Time for action – implementing an XML parser for player data
In this exercise, we are going to create a parser to fill data that represents players and their inventory in an RPG game:
struct InventoryItem { enum Type { Weapon, Armor, Gem, Book, Other } type; QString subType; int durability; }; struct Player { QString name; QString password; int experience; int hitPoints; QList<Item> inventory; QString location; QPoint position; }; struct PlayerInfo { QList<Player> players; };
Save the following document somewhere. We will use it to test whether the parser can read it:
<PlayerInfo> <Player hp="40" exp="23456"> <Name>Gandalf</Name> <Password>mithrandir</Password> <Inventory> <InvItem type="weapon" durability="3"> <SubType>Long sword</SubType> </InvItem> <InvItem type="armor" durability="10"> <SubType>Chain mail</SubType> </InvItem> </Inventory> <Location name="room1"> <Position x="1" y="0"/> </Location> </Player> </PlayerInfo>
Let's create a class called PlayerInfoReader
that will wrap QXmlStreamReader
and expose a parser interface for the PlayerInfo
instances. The class will contain two private members—the reader itself and a PlayerInfo
instance that acts as a container for the data that is currently being read. We'll provide a result()

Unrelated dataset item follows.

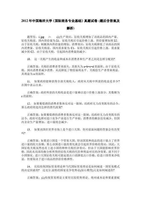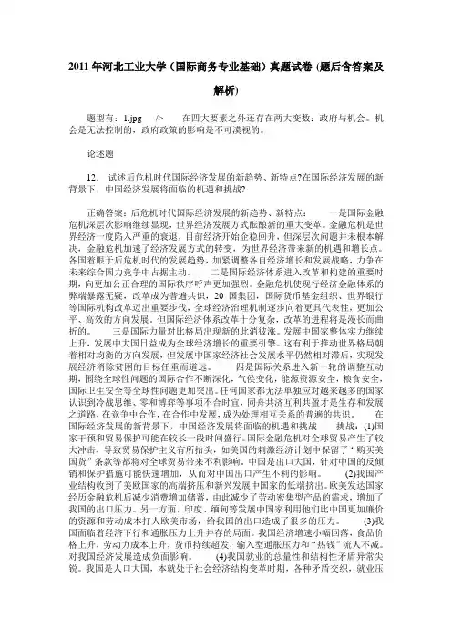 2012年东北财经大学(国际商务专业基础)真题试卷(题后含答案及解析)全部题型 3. 名词解释7. 简答题9. 案例分析题10. 论述题名词解释1.有效保护率正确答案:指整个关税制度(和有效保护措施)对某类产品在其生产过程中给予净重增值的影响。

method that returns this object once the parsing is complete, as shown in the following code:
class PlayerInfoReader { public: PlayerInfoReader(QIODevice *); inline const PlayerInfo& result() const { return m_pinfo; } private: QXmlStreamReader reader; PlayerInfo m_pinfo; };
The class constructor accepts a QIODevice
pointer that the reader is going to use to retrieve data as it needs it. The constructor is trivial, as it simply passes the device to the reader
object:
PlayerInfoReader(QIODevice *device) { reader.setDevice(device); }
Before we go into parsing, let's prepare some code to help us with the process. First, let's add an enumeration type to the class that will list all the possible tokens—tag names that we want to handle in the parser:
enum Token { T_Invalid = -1, T_PlayerInfo, /* root tag */ T_Player, /* in PlayerInfo */ T_Name, T_Password, T_Inventory, T_Location, /* in Player */ T_Position, /* in Location */ T_InvItem /* in Inventory */ };
To use these tags, we'll add a static method to the class that returns the token type based on its textual representation:
static Token PlayerInfoReader::tokenByName(const QStringRef &r) { static QStringList tokenList = QStringList() << "PlayerInfo" << "Player" << "Name" << "Password" << "Inventory" << "Location" << "Position" << "InvItem"; int idx = tokenList.indexOf(r.toString()); return (Token)idx; }
You can notice that we are using a class called QStringRef
. It represents a string reference—a substring in an existing string—and is implemented in a way that avoids expensive string construction; therefore, it is very fast. We're using this class here because that's how QXmlStreamReader
reports tag names. Inside this static method, we are converting the string reference to a real string and trying to match it against a list of known tags. If the matching fails, -1
is returned, which corresponds to our T_Invalid
token.
Now, let's add an entry point to start the parsing process. Add a public read
method that initializes the data structure and performs initial checks on the input stream:
bool PlayerInfoReader::read() { m_pinfo = PlayerInfo(); if(reader.readNextStartElement() && tokenByName(reader.name()) == T_PlayerInfo) { return readPlayerInfo(); } else { return false; } }
After clearing the data structure, we call readNextStartElement()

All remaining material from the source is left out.